In this study, integrated hybrid system (IHS) composed of two alternatively-operating UV/photocatalytic reactor (AOPR) process and biofilter processes of a biofilter system having two units (i.e., R_up and R_dn) with an improved design (R reactor) and a conventional biofilter (L reactor) was constructed, and its transient behavior was observed to perform the successful treatment of waste air containing ethanol and hydrogen sulfide (H₂S). At the IHS-operating stages of HA1, HA2 and HA3T of reversed feed direction, the AOPR process showed not only ethanol-removal efficiencies of 55, 50 and 45%, respectively, but also H₂S-removal efficiencies of 70, 60 and 37%, respectively.
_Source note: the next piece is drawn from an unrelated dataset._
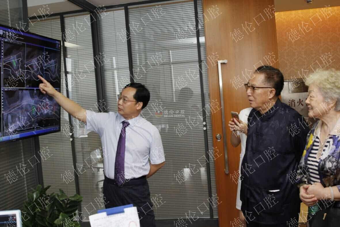 德倫口腔徐世同院長(zhǎng)為兩位老領(lǐng)導(dǎo)講解數(shù)字化種植牙模擬設(shè)計(jì)理念

In particular, a drastic decrease of H₂S-removal efficiency at the stage of HA3T was observed due to a doubling of H₂S-inlet concentration fed to AOPR from 10 ppmv to 20 ppmv at the stage of HA3T. The order of ethanol-breakthroughs and the order of the magnitude of ethanol-removal efficiencies at the sampling ports of each unit of R reactor at the stages of HA1, HB1, HA2, HB2, and the first half of HA3T, were reversed, respectively, at the stages of the second half of HA3T and HB3T. In case of H₂S, R reactor did not show H₂S-breakthrough as prominent as the ethanol-breakthrough, but showed the trend similar to the ethanol-breakthrough.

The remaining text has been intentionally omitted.